Rubin liked the “cachet” of Cleary Gottlieb and “being part of an establishment organization” but doing research for major litigations or corporate matters or tax analysis on personal estates was not for him. Like many lawyers who work on Wall Street deals, Rubin marveled that the investment bankers seemed to be making the interesting business decisions and getting paid grand sums while the lawyers dutifully recorded the proceedings for (hefty) by-the-hour billings. “When I’m forty,” Rubin thought, “I want to be doing what those guys are doing, not what we’re doing.”

But Rubin had no intention of waiting until he was forty to make the switch. After a couple of years at Cleary, he sent out a bunch of résumés to Wall Street firms, hoping to get into the deal business. “By sheer coincidence, two firms offered me jobs doing something I’d never heard of,” he said. He chose Goldman over Lazard, he said, because it was “considered the top firm in the arbitrage field,” thanks to Levy’s skill and cunning and because “
the pay was slightly higher.” He joined Goldman in October 1966. But he worried he could not do what an arbitrageur was required to do: “
get on the phone and interview executives at companies about transactions”—make the calls. “I wasn’t sure I could be so audacious.” His annual pay increased to $14,400 a year, from $13,000. He had heard from a variety of people that working at Goldman, as opposed to Cleary, “was a step down on the social scale.”

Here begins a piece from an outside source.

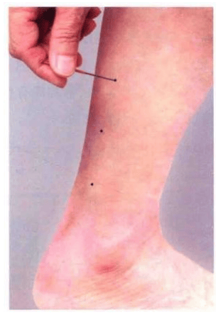在外踝后一寸半之直线上取之:当外踝尖直后一寸半之上二寸一穴,又上二寸一穴,再上二寸一穴,共三穴。

One of Rubin’s earliest deals, from September 1967, involved medical equipment manufacturer
Becton, Dickinson’s announced $35 million stock deal for
Univis Lens Co., a maker of eyeglass lenses. Rubin set about making his calls. “
The first order of business was rapid, intensive research,” Rubin observed. “I had to examine all the publicly available information I could obtain. I had to talk to proxy lawyers and antitrust lawyers. Then I had to speak to officers at both companies, much as a securities analyst does. I almost never had all the information I would have liked. Seldom did I have enough time to think anything through.” Unfortunately for Rubin, the merger fell apart.